:: EXERCISE INSTRUCTIONS ::
Transcribe, starting at the line with "Posteljno vzglavje - Vzglavna" and ending at the line with "ในช่วงวันที่ 15 –", every line of the material below exactly, but leave out the pictures and anything outside that span.

:: AVAILABLE RECORDS ::
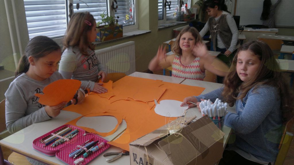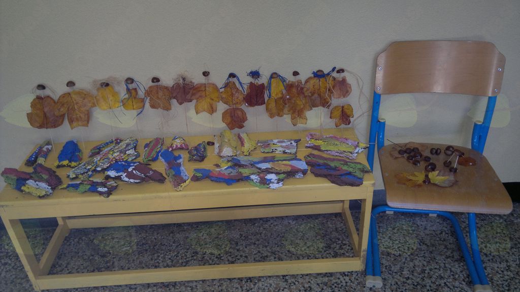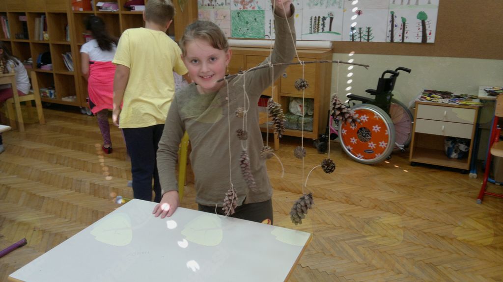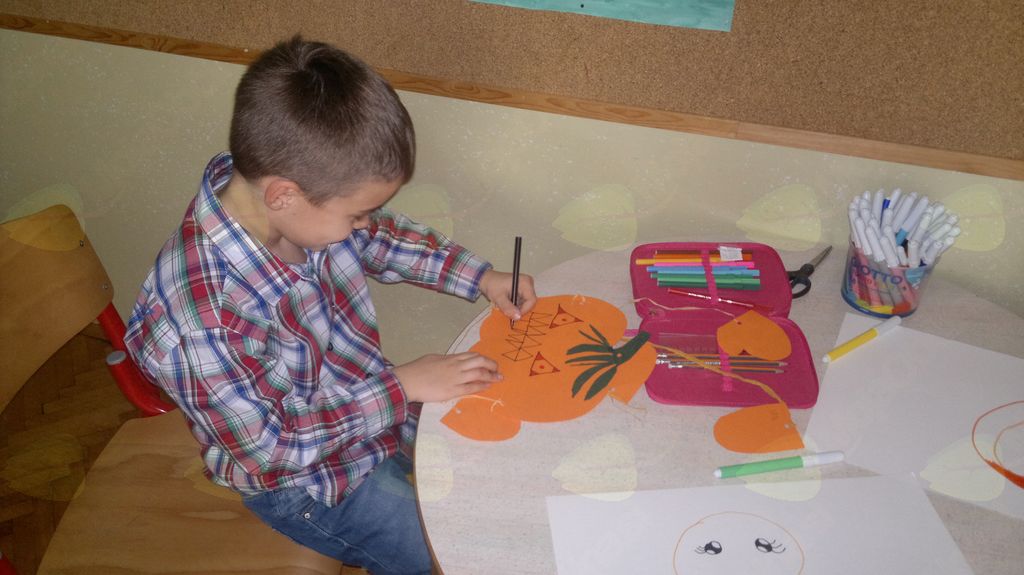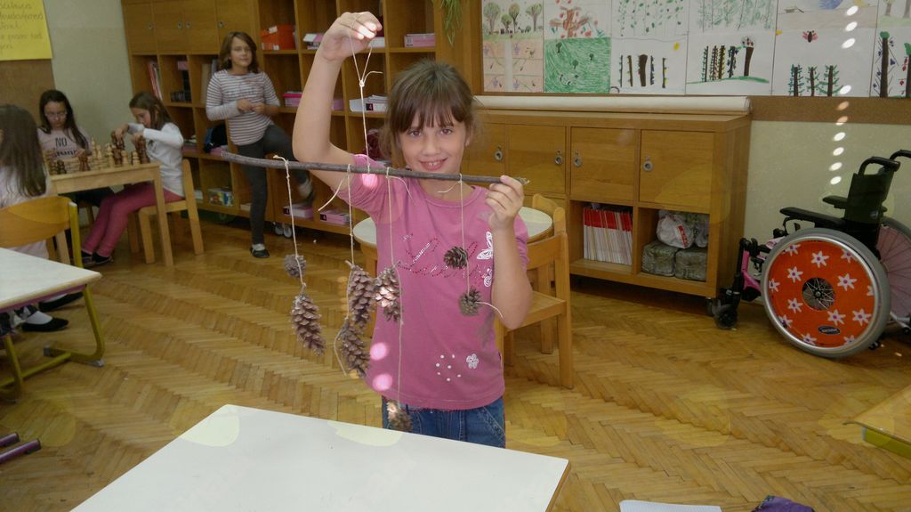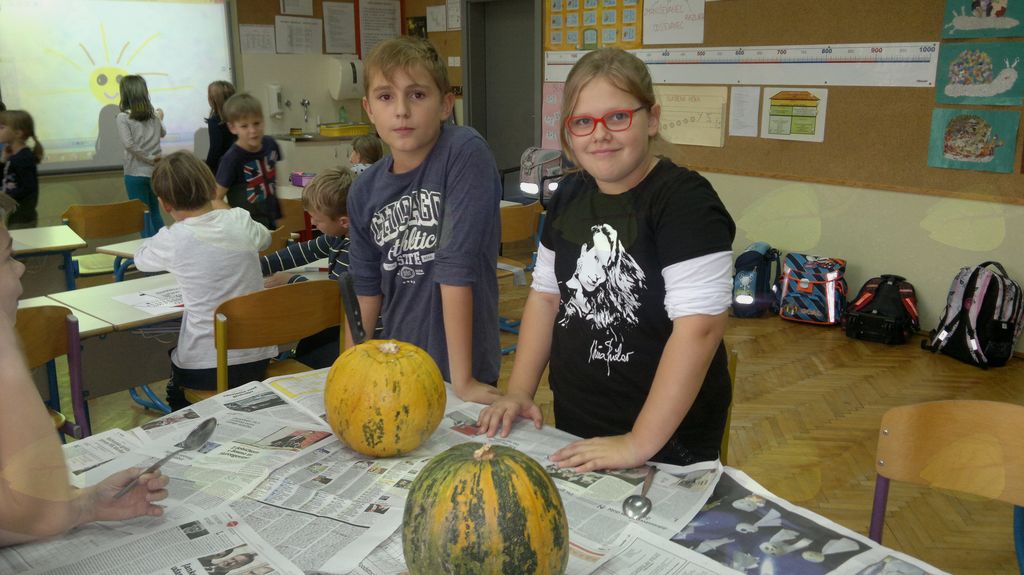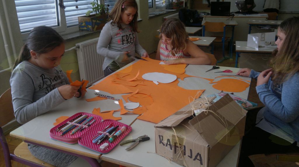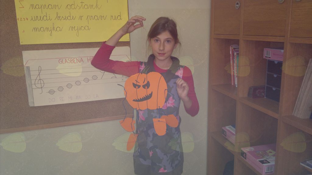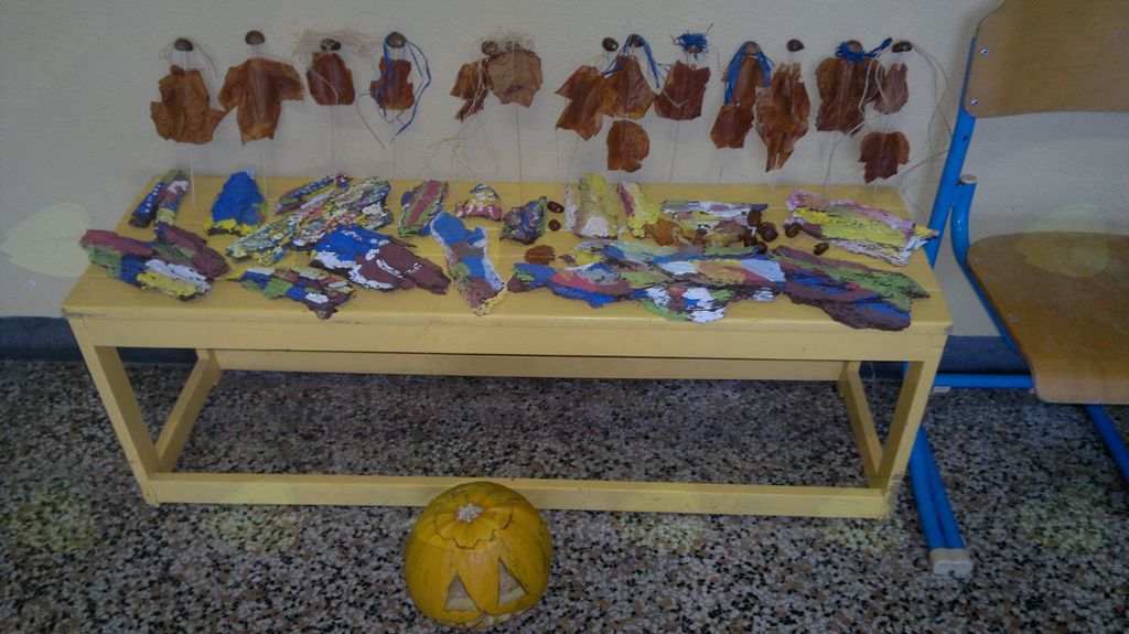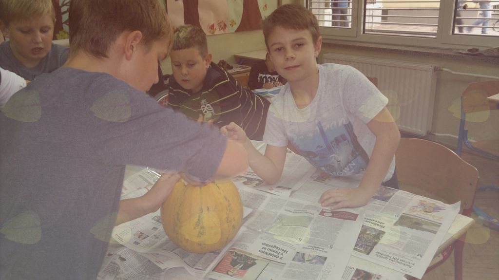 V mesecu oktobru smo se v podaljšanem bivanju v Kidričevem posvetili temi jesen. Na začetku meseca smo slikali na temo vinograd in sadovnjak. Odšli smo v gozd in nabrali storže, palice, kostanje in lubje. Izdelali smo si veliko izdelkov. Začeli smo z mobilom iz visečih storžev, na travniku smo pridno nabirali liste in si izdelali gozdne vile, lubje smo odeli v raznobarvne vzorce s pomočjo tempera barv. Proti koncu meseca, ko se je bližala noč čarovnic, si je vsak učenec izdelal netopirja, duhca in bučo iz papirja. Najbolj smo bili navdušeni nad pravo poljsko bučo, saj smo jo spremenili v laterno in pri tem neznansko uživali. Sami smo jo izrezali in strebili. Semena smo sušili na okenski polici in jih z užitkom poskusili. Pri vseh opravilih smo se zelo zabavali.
* * *
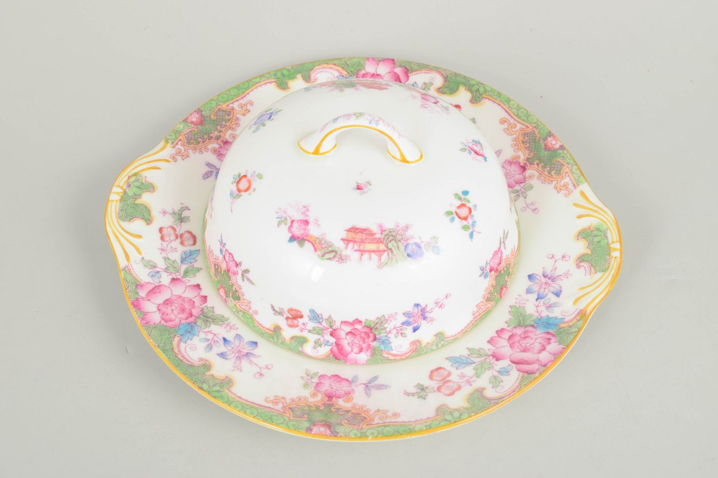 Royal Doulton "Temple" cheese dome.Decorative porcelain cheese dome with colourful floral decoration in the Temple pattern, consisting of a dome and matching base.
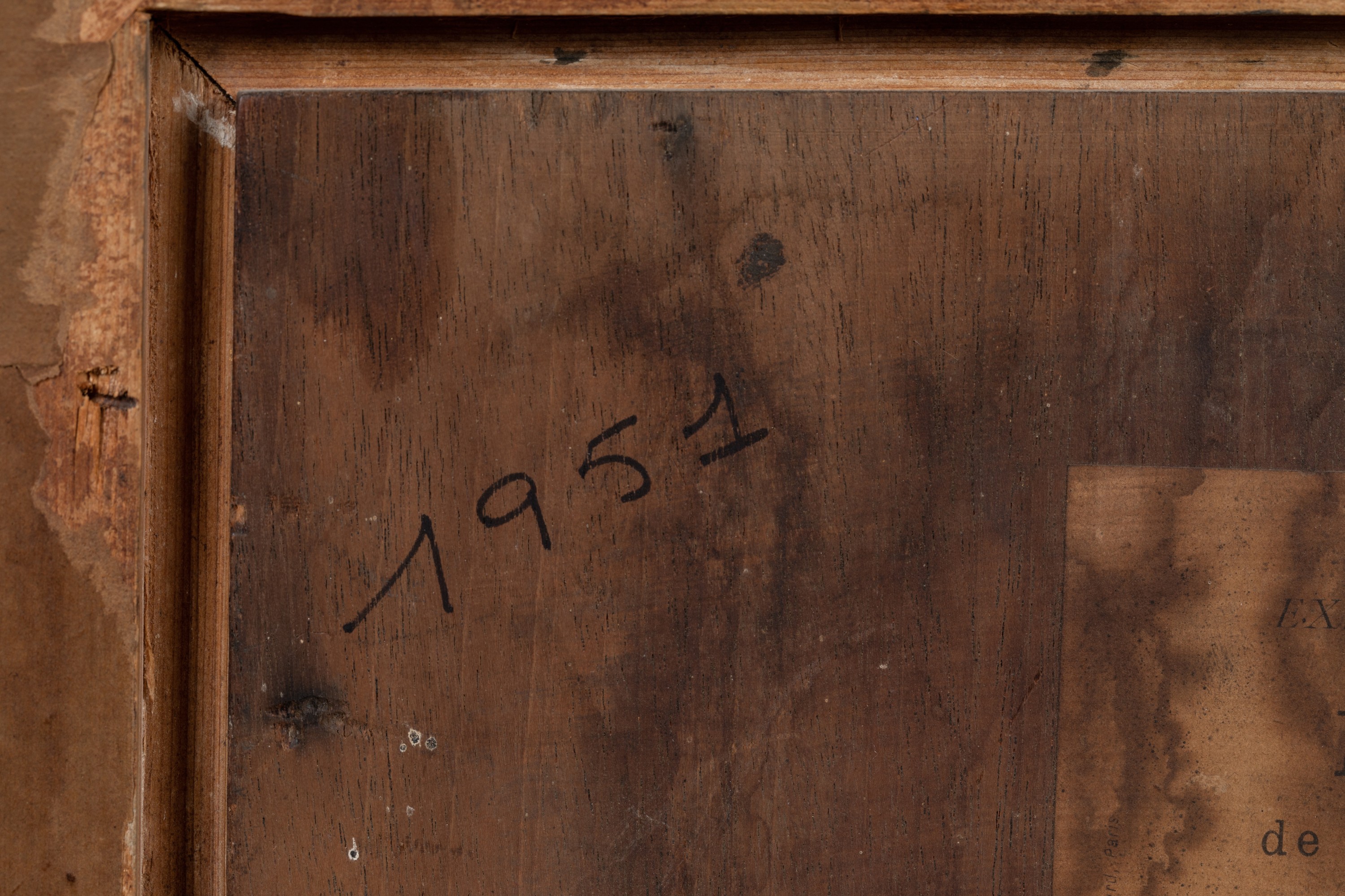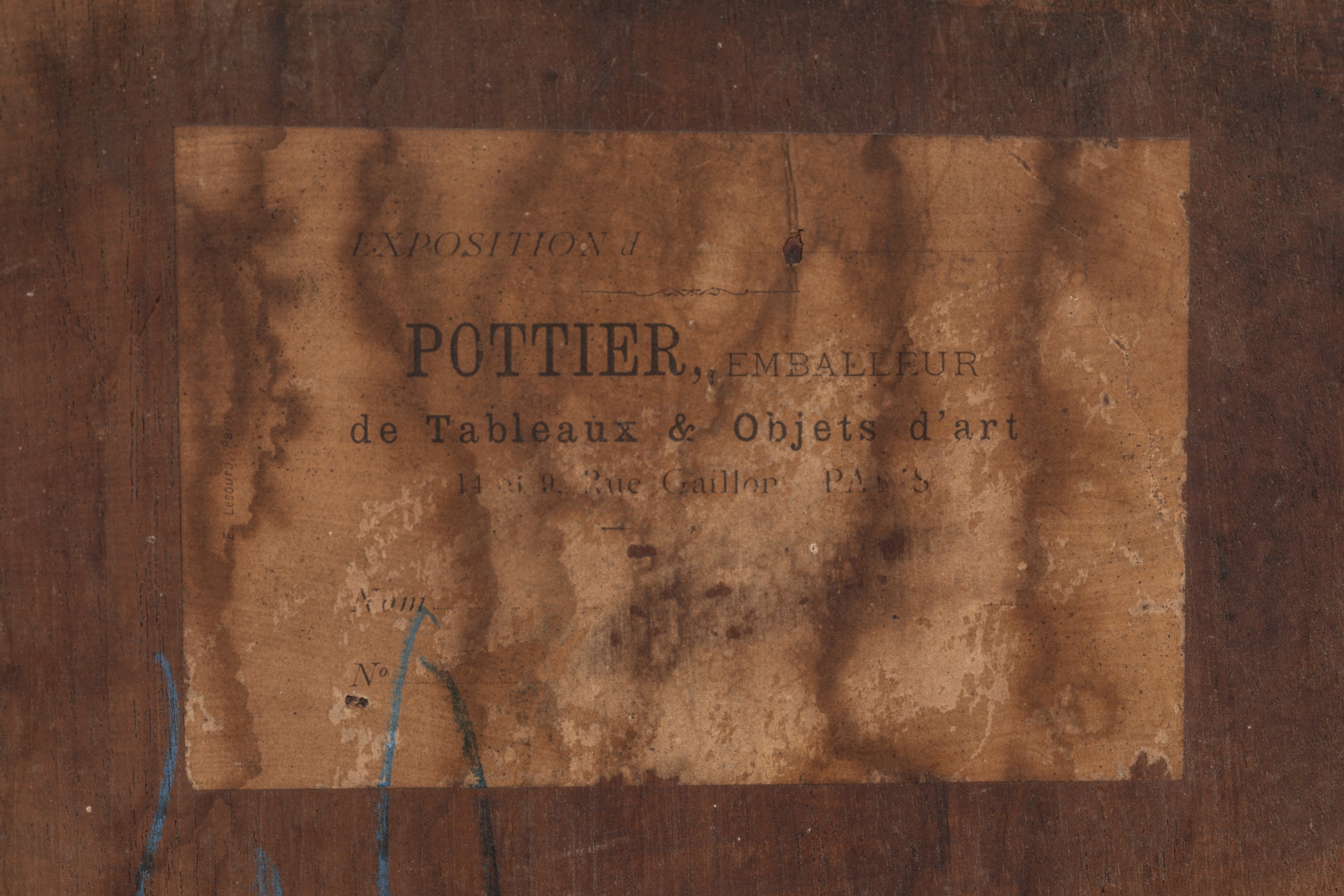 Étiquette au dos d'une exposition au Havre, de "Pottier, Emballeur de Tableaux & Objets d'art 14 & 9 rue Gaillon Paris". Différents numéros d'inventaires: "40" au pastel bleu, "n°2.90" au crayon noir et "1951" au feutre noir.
---
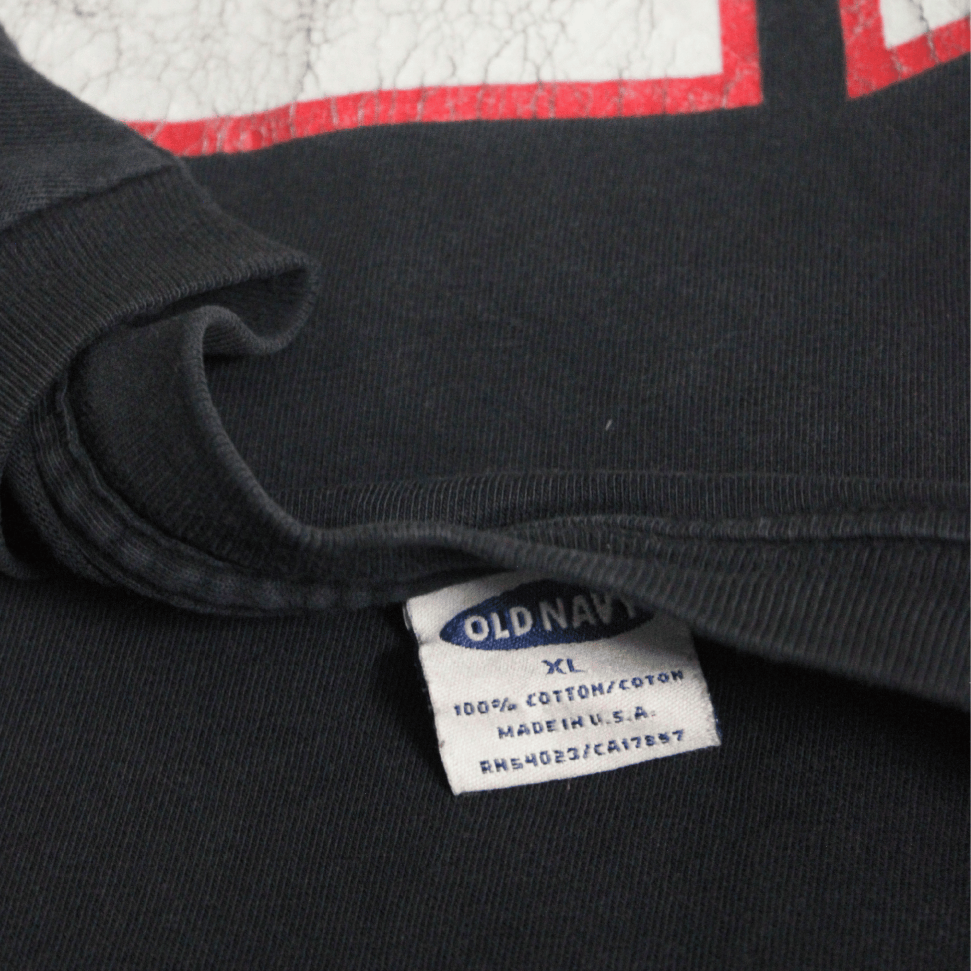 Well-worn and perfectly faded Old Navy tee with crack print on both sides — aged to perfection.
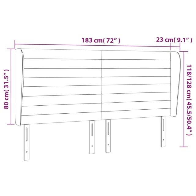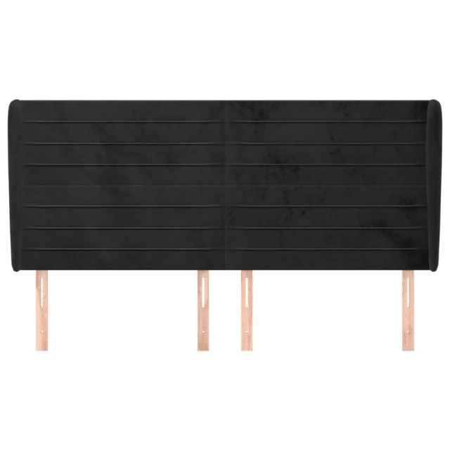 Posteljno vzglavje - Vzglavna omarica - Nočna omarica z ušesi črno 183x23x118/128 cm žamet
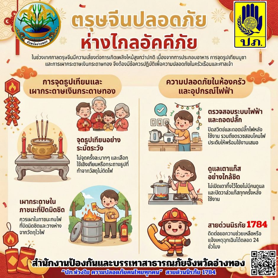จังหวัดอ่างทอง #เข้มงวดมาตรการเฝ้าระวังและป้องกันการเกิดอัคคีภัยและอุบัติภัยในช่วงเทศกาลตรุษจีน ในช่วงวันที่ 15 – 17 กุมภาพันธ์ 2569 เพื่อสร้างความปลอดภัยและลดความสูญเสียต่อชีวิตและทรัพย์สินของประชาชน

:: SOLUTION TO THIS TASK ::
 Posteljno vzglavje - Vzglavna omarica - Nočna omarica z ušesi črno 183x23x118/128 cm žamet
จังหวัดอ่างทอง #เข้มงวดมาตรการเฝ้าระวังและป้องกันการเกิดอัคคีภัยและอุบัติภัยในช่วงเทศกาลตรุษจีน ในช่วงวันที่ 15 – 17 กุมภาพันธ์ 2569 เพื่อสร้างความปลอดภัยและลดความสูญเสียต่อชีวิตและทรัพย์สินของประชาชน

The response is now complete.